Родные гнёзда
Шрифт:
Слушавшие её с широко раскрытыми глазами горничные враз пискнули от страха и прижались друг к другу.
— Хорошо-с, только повенчали молодых, ещё и венцов снять не управились, а Дуняша и упади навзничь и давай играть на все голоса… плачет, хохочет — чистый страм, да и только… Что делать? Поп Семён и тот головой закачал. Да-с… Взялась моя Дуняшка с той поры кричать, да и сошла с ума. И посейчас, бедная баба, на чепи сидит у них под амбаром прикована, как собака. И малый пропал — не женат и не холост».
Авдотья Ивановна тяжело перевела дух, задохнувшись от длинного рассказа.
— Удивительное дело, — протянул механик, который, в качестве городского человека считал нужным перед горничными выразить скептицизм цивилизации.
— Да, — продолжала Авдотья Ивановна, — только на этом дело не кончилось, Морозиха-то на том не успокоилась и весь корень ихний Никифоров, стало быть, перевела. Она и у невестки ихней Настасьи всех детей скрала.
— Как скрала? — испуганно
— Да так, девка, и скрала, такое изделала, что таперича Настасья детей рожать не может. Морозиха, вишь, всех её деток в узелок завязала на суровой нитке… И каждый год всё по узелку навязывает, а у Настасьи четырёх-то детей нету.
— Ну, уж это пустяки! — не выдержал, в свою очередь, и садовник. — Чистая брехня, быть того не может, — возмутился он подобной несообразностью.

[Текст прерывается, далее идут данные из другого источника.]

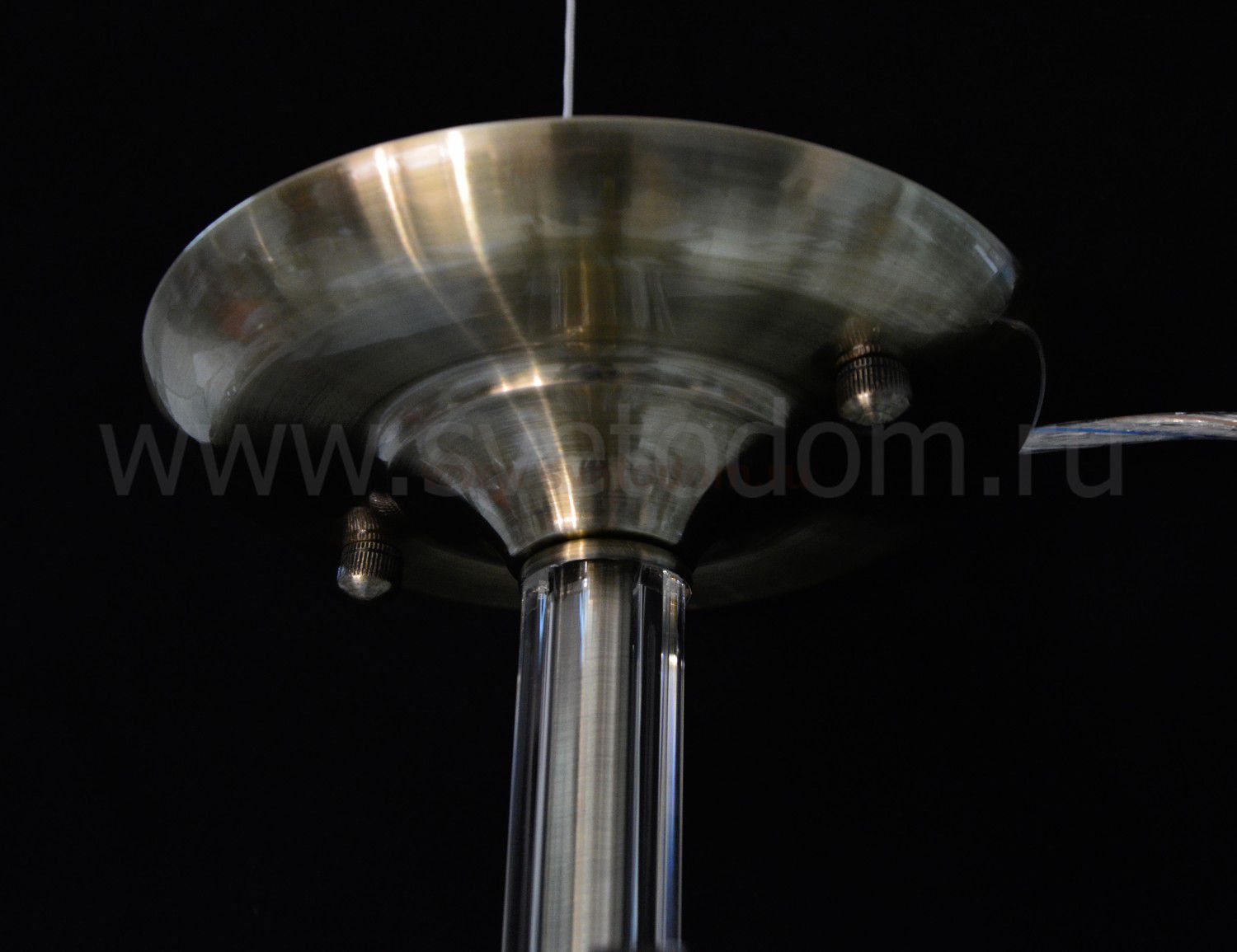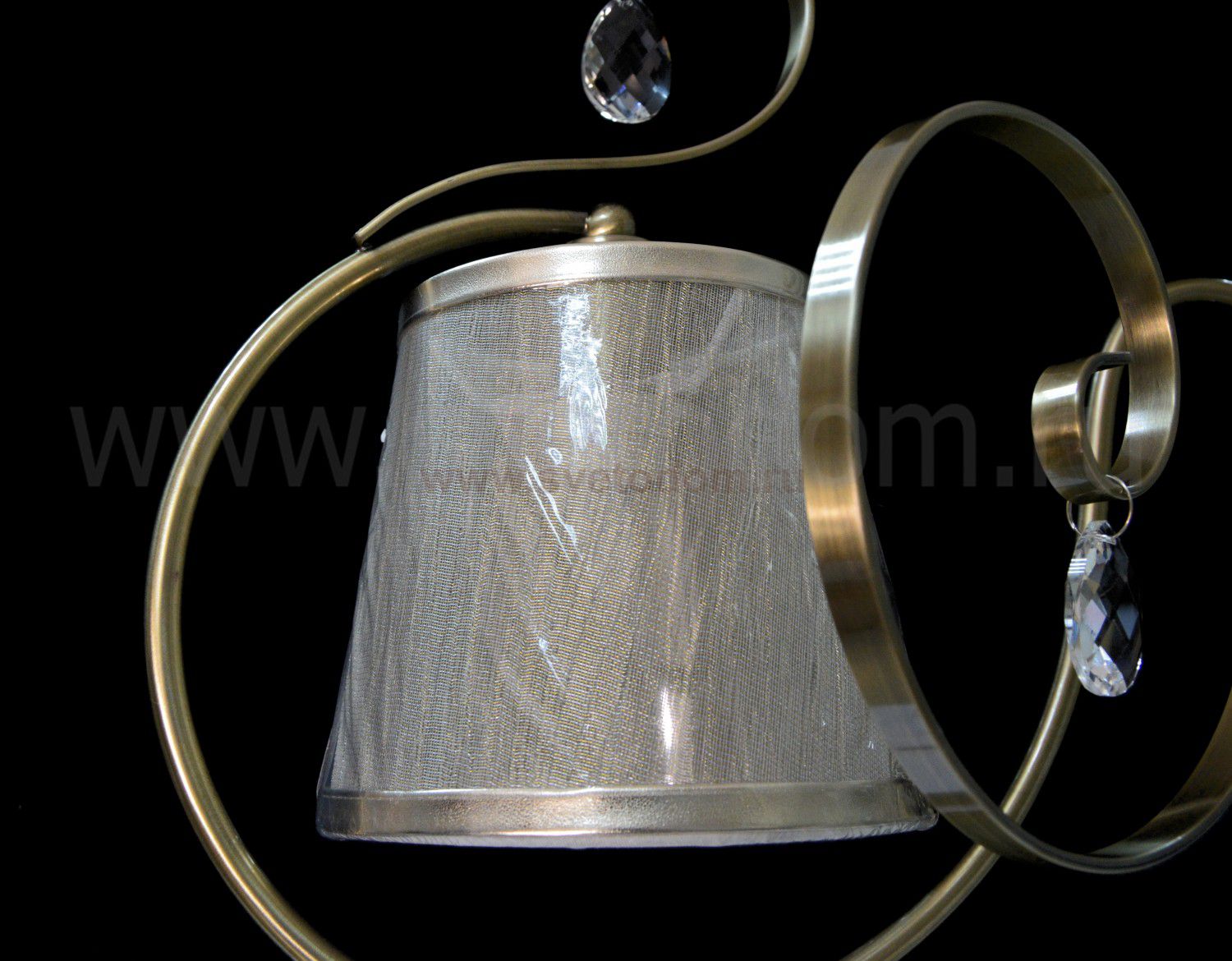Абажуры и арматура светильников выполнены в разных цветах, с несколькими видами арматуры. Основание люстры украшено стеклянным декоративным элементом, а завитки рожков украшают подвески.

— Как не может? — Ответила старуха, скрывая невольно набежавшую улыбку. — Стало, может, коли бывает. Ведь вот другим Морозиха назад детей отдала — ниточку то есть с узелками… У тех и детва завелась, а у Настасьи нет и не будет, — с грустной уверенностью подтвердила она, — потому что Морозиха-то ниточку с узелками ихнюю в печку кинула. Растопила её соломой докрасна, да и кинула эту ниточку в самый жар. Так люди сказывают, слышали даже, как деточки закричали и заплакали в печке-то.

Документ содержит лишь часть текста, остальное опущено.